Infer gene regulatory network from expression data by employing multiple unsupervised learning techniques and applying a genetic algorithm for consensus optimization.

**Usage**:

```console
$ geneci run [OPTIONS]
```

**Options**:

* `--expression-data PATH`: Path to the CSV file with the expression data. Genes are distributed in rows and experimental conditions (time series) in columns.  [required]
* `--time-series PATH`: Path to the CSV file with the time series from which the individual gene networks have been inferred. This parameter is only necessary in case of specifying the fitness function Loyalty.
* `--technique [ARACNE|BC3NET|C3NET|CLR|GENIE3_RF|GRNBOOST2|GENIE3_ET|MRNET|MRNETB|PCIT|TIGRESS|KBOOST|MEOMI|JUMP3|NARROMI|CMI2NI|RSNET|PCACMI|LOCPCACMI|PLSNET|PIDC|PUC|GRNVBEM|LEAP|NONLINEARODES|INFERELATOR]`: Inference techniques to be performed.  [required]
* `--crossover-probability FLOAT`: Crossover probability  [default: 0.9]
* `--num-parents INTEGER`: Number of parents  [default: 3]
* `--mutation-probability FLOAT`: Mutation probability. [default: 1/len(files)]
* `--mutation-strength FLOAT`: Mutation strength. [default: 0.1]
* `--population-size INTEGER`: Population size  [default: 100]
* `--num-evaluations INTEGER`: Number of evaluations  [default: 25000]
* `--cut-off-criteria [MinConf|NumLinksWithBestConf|PercLinksWithBestConf]`: Criteria for determining which links will be part of the final binary matrix.  [default: PercLinksWithBestConf]
* `--cut-off-value FLOAT`: Numeric value associated with the selected criterion. Ex: MinConf = 0.5, NumLinksWithBestConf = 10, PercLinksWithBestConf = 0.4  [default: 0.4]
* `--function TEXT`: A mathematical expression that defines a particular fitness function based on the weighted sum of several independent terms. Available terms: Quality, DegreeDistribution and Motifs.  [required]
* `--algorithm [GA|NSGAII|SMPSO]`: Evolutionary algorithm to be used during the optimization process. All are intended for a multi-objective approach with the exception of the genetic algorithm (GA).  [required]
* `--threads INTEGER`: Number of threads to be used during parallelization.

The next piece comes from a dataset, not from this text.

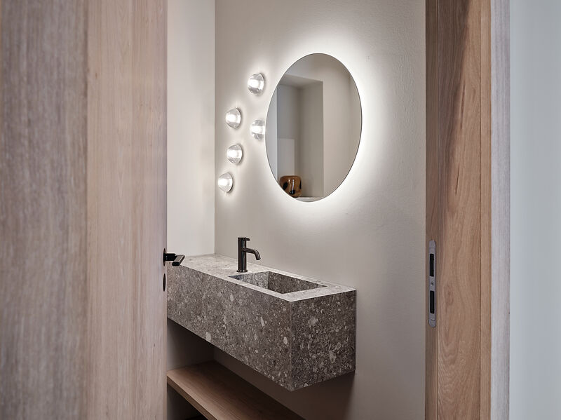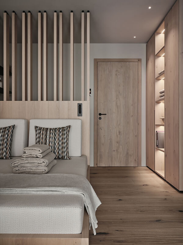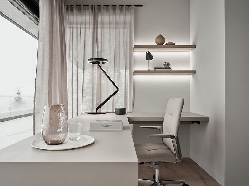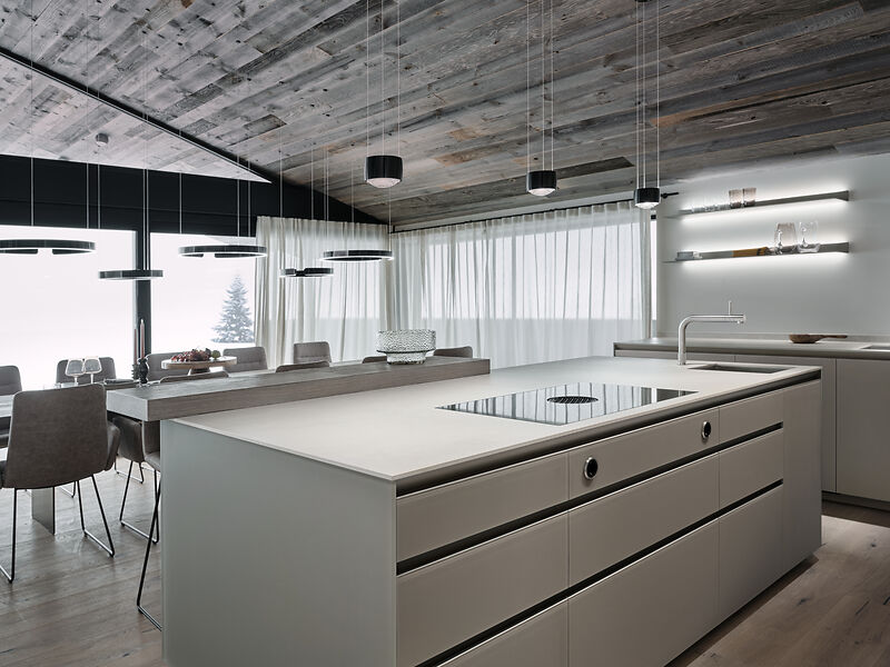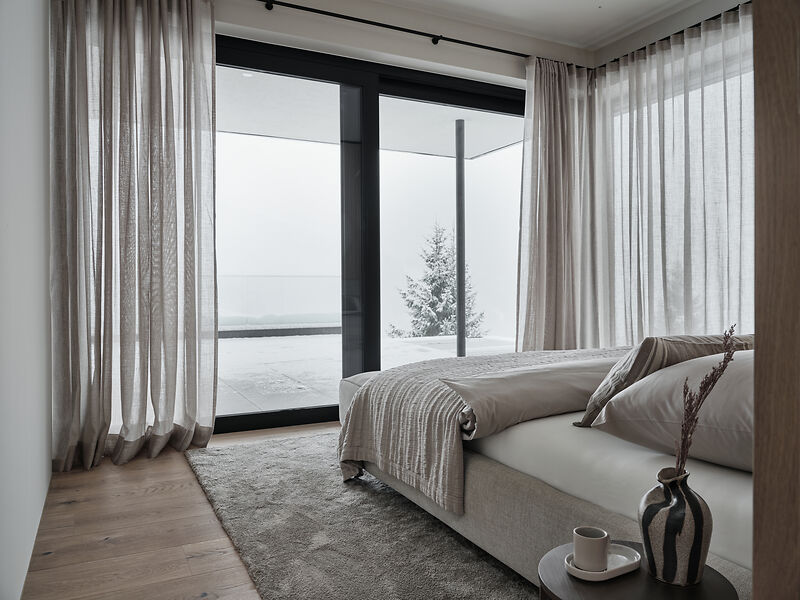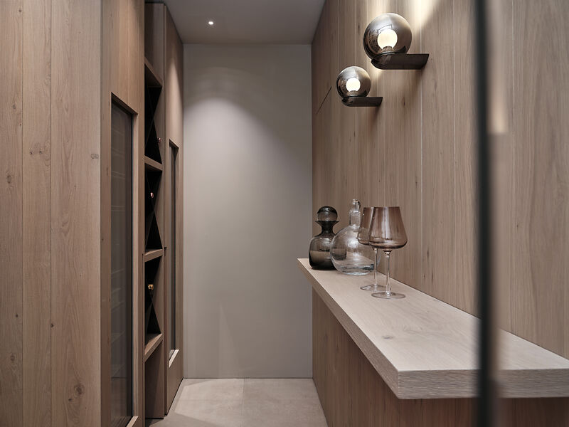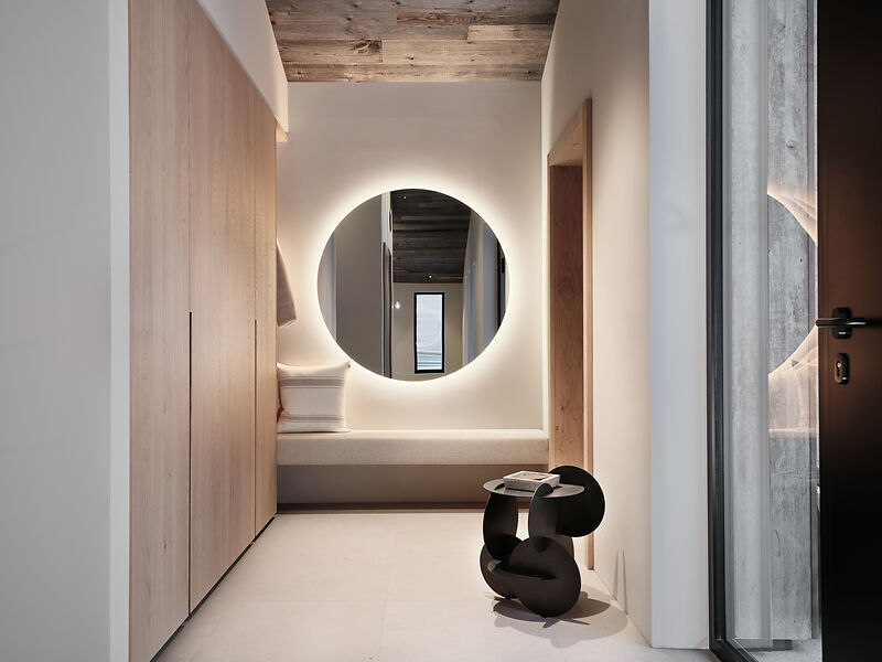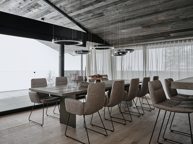Das Chalet beeindruckt durch seine moderne Architektur, die auf edlen regionalen Materialien basiert. Der Infinity-Pool mit atemberaubendem Panoramablick auf die umliegende Bergwelt ist ein besonderes Highlight. Der angrenzende Whirlpool und der elegante Wellnessbereich laden zu entspannten Momenten ein. Zudem verfügt das Chalet über einen großzügigen Weinkeller, der den Rahmen für exklusive Weinabende schafft, sowie eines der modernsten Smart Home Systeme am Markt von der Firma Basalte. Einweiteres Highlight ist das speziell ausgearbeitete Licht-Konzept von Occhio, welches da Chalet in besonderem Glanz erleuchten lässt.

By default, the maximum number of threads available in the system is used.  [default: 64]
* `--str-threads TEXT`: Comma-separated list with the identifying numbers of the threads to be used. If specified, the threads variable will automatically be set to the length of the list.
* `--plot-results / --no-plot-results`: Indicate if you want to represent results graphically. [default: --plot-results]
* `--output-dir PATH`: Path to the output folder.  [default: inferred_networks]
* `--help`: Show this message and exit.